Weighing software abstractions to design better programs

Contents

I like thinking about software as if it were matter, following some pre-ordained laws of nature as if they occupied real space and time. Of course, the metaphor often only stretches so far, but I think metaphors of physics in software can give us great mental models for thinking about the complexity that we create when we build software, which are the most complex machines humans design.

I’ve written on my main blog about software and degrees of freedom, a concept in mathematical physics. This time, I want to talk about the weight of software, specifically the weight of abstractions we create when we build software. Can functions and classes and variables feel heavy or lightweight? How can we use that intuition to help us write better software?

Cost vs weight

An often cited related idea to the weight of abstractions in software is the cost of abstractions. When we refer to a design as an “over-abstraction,”, for example, we’re claiming that the costs of a particular abstraction, say a class that’s reused many times, is not worth the benefits we get in return. Abstraction cost is an economic idea – do we get a good deal? Do the benefits outweigh the costs?

Abstraction cost takes into account a whole ensemble of factors, like performance, maintainability, and even compile-time costs. The cost of an abstraction is the total price you pay over the lifetime of a software project for the benefits of abstraction, like code reuse and maintainability. As a result, abstraction cost is a concept unique to software. Other disciplines also deal with abstraction. Mathematics, for example, is in some ways just a study of abstractions. But it doesn’t make sense to talk about abstraction costs in the context of mathematics, because there’s nothing to run, nothing to maintain, and very little to break.

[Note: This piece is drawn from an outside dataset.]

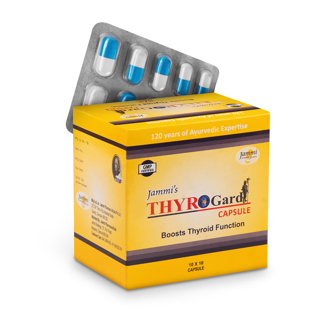 ThyroGard Capsules are Jammi's multi-system Ayurvedic thyroid support formula combining Punarnavadi Mandura, Ashwagandha, Triphala, Yashtimadhu, Yashada Bhasma, and Punarnava. Rather than forcing hormonal changes, ThyroGard gently supports the body's own thyroid regulation — improving T3/T4 balance, boosting metabolic efficiency, reducing fatigue and hair fall, and stabilising hormonal responses. Particularly beneficial for individuals experiencing hypothyroid symptoms, thyroid-related weight gain, chronic fatigue, and adrenal-thyroid imbalance requiring gentle comprehensive Ayurvedic support and management.

The weight of an abstraction is a much more specific idea. Lightweight abstractions are easy and quick to create, and just as trivial to delete. Heavy abstractions are the opposite – they take some effort to create, and are usually even harder to dispose of. At first glance, this sounds as if we should make all our abstractions as light as possible. But that’s not always the case. Heavy abstractions, when used right, are able to provide all the benefits of a great abstraction. The String type in many low level languages is exactly one such a heavy abstraction. In nearly all software projects, the string type is absolutely fundamental, and adding a new string type or removing an existing one would mean rewriting significant parts of most apps. But the string type also pulls its weight – it provides an interface to a string of characters that everyone needs.

When an abstraction pulls its weight, it’s very probably a good abstraction.

Before examining weights of software abstractions further, let’s take a detour into mathematics.

Mathematical notation

Mathematical notation is a language of abstractions. When we say, “let $y = f(x)$,” we’re creating a (short-lived) abstraction, a stand-in for $f(x)$ named $y$. There are also more complex abstractions, like the summation:

$$\sum^n_{i = 1} a_i = a_1 + a_2 + a_3 + \dots + a_n$$

The summation sign $\sum$ is a notational abstraction, one that replaces a sum of a sequence, something that occurs everywhere in mathematics, into a recognizable, universally reusable symbol. Notational abstractions are everywhere. Even trivial things like the equals sign, the exponentiation notation ($x^n$), and the constant $\pi$ are notational abstractions, symbols that stand in for other symbols.

Notational abstractions tend to be lightweight, because they are either short-lived or universal. In a proof, you might say “let $S$ be the set of all integers that satisfy X property.” The abstraction $S$ lives for the duration of that proof, and no longer. In such a limited scope, notational abstractions also tend not to change. A proof would never change its mind halfway through about what a symbol means. This short life span of an abstraction, combined with this immutability, means notational abstractions are rarely heavy – they’re easily replaced, easily added, and seldom deleted for something else.

Natural languages

Abstractions in natural languages have a completely opposite property to mathematical notation. One abstraction (word or phrase) rarely substitutes for another, and the meaning of specific words change constantly, in a world where most words will live on effectively forever.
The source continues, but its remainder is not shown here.